In the above, we find a chain illustrating the kind of proliferation of concepts that Deleuze is talking about viz. reading Deleuze~ a certain similarity of point of view on one matter (one of the components on the global Deleuze) viz. character (a component of the personality of each), branching off by chance to reading Camus (another author) and by a further chance (a component within the first chance ) ~ one particular essay in a particular book (the essay being "folded" into the larger context of the book ) talking about a third author ( a third and completely new concept joined to the second through a common interest (absurdity) ~leading to a further reading by one of its reader ( viz. me) and this reader's opinion on one component of what the second author is talking about. The chain of connections shows the proliferation of concepts from one of their components and yet joining all is their common plane (the problems of humanity). Thus concepts may be linked by similarity, chance to further concepts but all folded in the larger plane of common concern of humanity. A concrete illustration of Deleuze's philosophy in action!
Some people say that I am a thinking person, but after reading your post I wonder if I am qualified to be called that. You are of a level very much higher than I! The books you read are difficult books and not that I am quite interested, I think it will be a kind of struggle for me!
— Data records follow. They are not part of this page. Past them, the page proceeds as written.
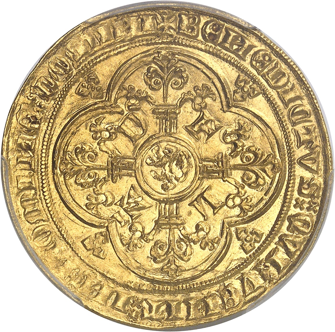 Rv. + BENEDICTVSx QVIx VENITx INx NOMINEx DOMINI. Croix feuillue avec un lion en cœur, cantonnée de F, L, A et D, dans un quadrilobe cantonné de quatre trèfles.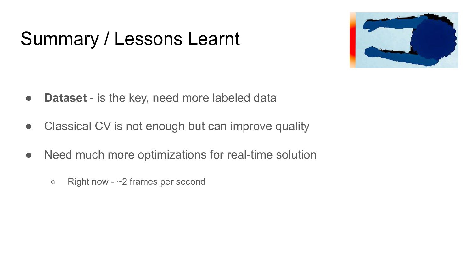 need more labeled data • Classical CV is not enough but can improve quality • Need much more optimizations for real-time solution ◦ Right now - ~2 frames per second
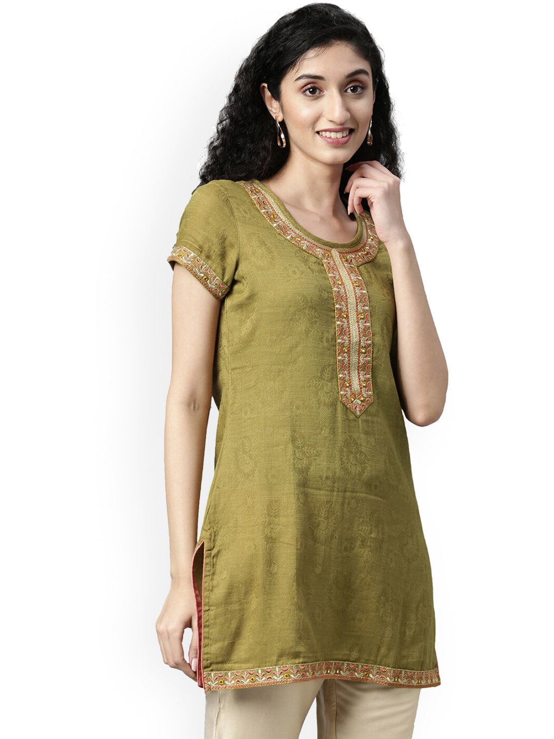 Souchii Olive Green Woven Design Kurta - S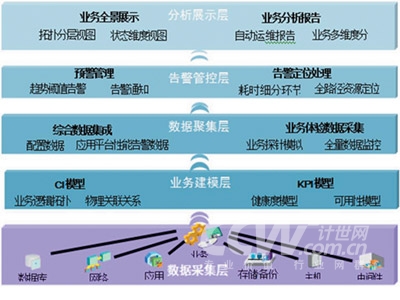 業(yè)務(wù)建模層: 是整個(gè)監(jiān)控系統(tǒng)的核心,是將業(yè)務(wù)進(jìn)行有形化管理、量化衡量的高效手段。該業(yè)務(wù)建模層中涵蓋了幾乎所有的BOSS管理資源要素,包括業(yè)務(wù)、應(yīng)用、服務(wù)及其他平臺(tái)類資源,這些信息都建立并實(shí)時(shí)更新于企業(yè)集中建設(shè)的符合ITIL標(biāo)準(zhǔn)的CMDB(配置資源數(shù)據(jù)庫(kù),其中每一子項(xiàng)便是一個(gè)CI配置資源項(xiàng))中;贑MDB中動(dòng)態(tài)調(diào)整的實(shí)時(shí)CI項(xiàng)和相互關(guān)系,關(guān)聯(lián)上能夠反映業(yè)務(wù)當(dāng)前狀況的KPI指標(biāo),以結(jié)構(gòu)化的模型框架為指導(dǎo),建立完整的業(yè)務(wù)CI/KPI指標(biāo)體系,繪制出以業(yè)務(wù)為中心的BOSS系統(tǒng)視圖,全面展現(xiàn)其健康度和可用性。

回覆刪除[版主回覆02/11/2012 19:13:43]High and low are relative concepts. The truly "wise" will ignore them and do what fits themselves best, in the specific circumstances of their own case. There is no reason to think that only literate people are wise.. Mohammad couldn't read or write. So couldn't Wai Neng, the 6th Patriarch of Chinese Ch'an (Zen) Buddhism.
⊙﹏⊙ 睇到 暈暈0地 ..........
回覆刪除[版主回覆02/12/2012 06:34:31]Reality is complex and the tracing of concepts is often marked partly by the flow of deductive logic ( one component in one group of components sharing in parallel certain thematic similarities viz. character and theme (absurdity) with certain component in a second group) and partly by mere contiguity (co-presence by chance e.g. the sighting of the book by Camus and then sighting of one of the essays therein, a fold ) leading to further branching off to my own ideas on one of the component's in Camus' essay (Kafka's stories being capable of having meaning at more levels than the 2 mentioned by Camus) .Yet all the relevant ideas are joined together and "folded" in the even bigger "plane" of subjects of common concern to humanity in general.